When regulators approved Zevalin, Wall Street analysts projected it would reach $100 million in sales in 2003. Merrill Lynch predicted it could eventually hit $500 million in sales — about 20,000 doses a year.
But Zevalin hit roadblocks immediately. Its five-figure price caused insurers to balk. Further, its radioactivity made some oncologists worry that it might prevent them from giving other treatments later.
Prescribing Zevalin also requires oncologists to coordinate care with the hospitals that administer it. To get either Zevalin or Bexxar, patients first receive a low-radiation diagnostic dose, then imaging scans, then a high-radiation therapeutic dose, which comes a week after the first dose. Over the next weeks the patient’s red and white blood cell counts must be monitored.
The back-and-forth makes the treatment complicated to oversee, said Dr. Joseph M. Connors, a lymphoma specialist in Vancouver, British Columbia. “The doctors looking after people tend to turn to tools that they themselves know how to use and are familiar with,” he said.
For most oncologists, infusions of chemotherapy, Rituxan and other drugs are still their primary source of income.
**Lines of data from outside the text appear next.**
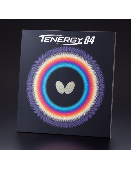 Tenergy 64 to to najszybsza ze wszystkich okładzin Tenergy - prototyp o większej wysokości czopów oraz większym odstępie pomiędzy nimi okazał się tą okładziną, która umożliwia nadanie piłce największej szybkości nie tylko pośród Tenergy, ale też wśród wszystkich okładzin Butterfly (szybkość mierzona przy rakietce). Najdłuższe czopy w całej serii Tenergy.
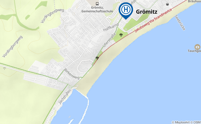 Haltestelle: Grömitz Strandallee Plane jetzt deine Reise auf nah.sh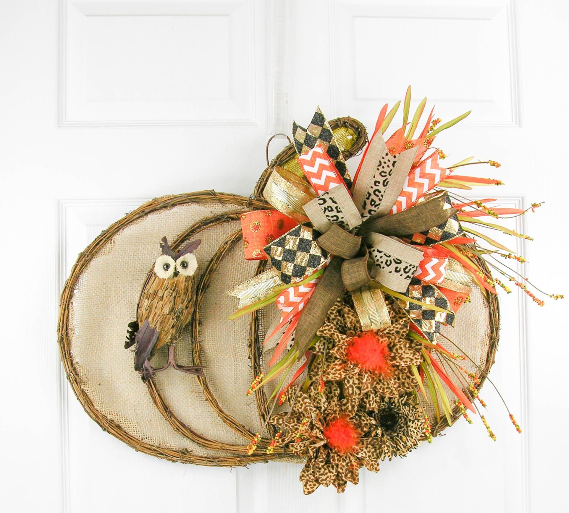 Autumn Owl Grapevine Pumpkin Door Hanger with Fall Bows and Leopard Accents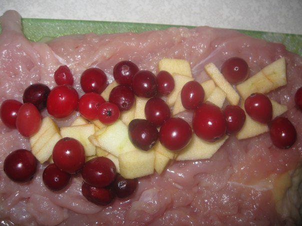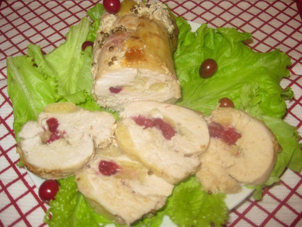 Предлагаю Вашему вниманию вкусный, полезный и очень нежный рулет из мяса индейки. Его прекрасно дополняет кисленькая клюква и сладкое яблоко!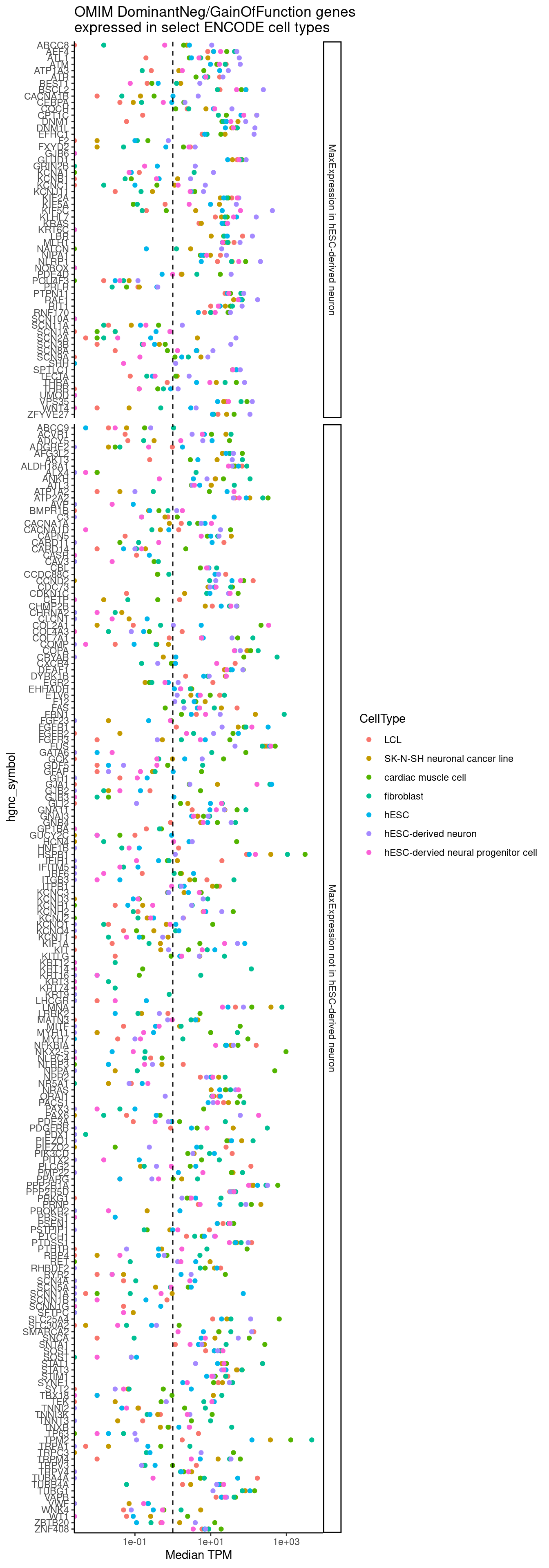 labs(title="OMIM DominantNeg/GainOfFunction genes\nexpressed in select ENCODE cell types", x="Median TPM")

Even so, oncologists might have felt bound to use Bexxar and Zevalin if the drugs had been proven to extend survival over older treatments, Dr. Connors said. While preapproval trials showed that the drugs shrank tumors more frequently than Rituxan and suggested patients would survive longer, the test groups were too small to prove it.
Dr. Connors said that Idec and Corixa should have designed their clinical trials to prove — not just suggest — that the drugs increased survival.
Two clinical trials meant to answer that question are under way, but their results have not been reported. Until they are, doctors will be reluctant to use Bexxar and Zevalin, Dr. Connors said. For now, the drugs remain niche products. Biogen Idec reported worldwide sales of $18 million for Zevalin last year. That was about 1,000 doses of Zevalin used commercially. Dr. Press reported that GlaxoSmithKline had sold about 600 doses of Bexxar last year.
Advocates for the drugs worry the companies may stop making them. Biogen Idec said in October that it might shed Zevalin. Although the company continues to manufacture the drug, it no longer actively promotes it. A spokeswoman for Biogen Idec said the company planned to keep making Zevalin and continued to offer technical support to doctors using it. GlaxoSmithKline said it expected to keep making Bexxar.
Patients who have benefited from Bexxar and Zevalin say they cannot understand why the drugs are not more widely used.
Ms. de Parry received Zevalin in 2002, when she was 52. She had already failed chemotherapy and Rituxan. But she responded quickly to the injection and has remained cancer-free. “It’s not that I believe that radioimmunotherapy is right for everybody,” she said. “I just think that patients, all patients, should know their options.”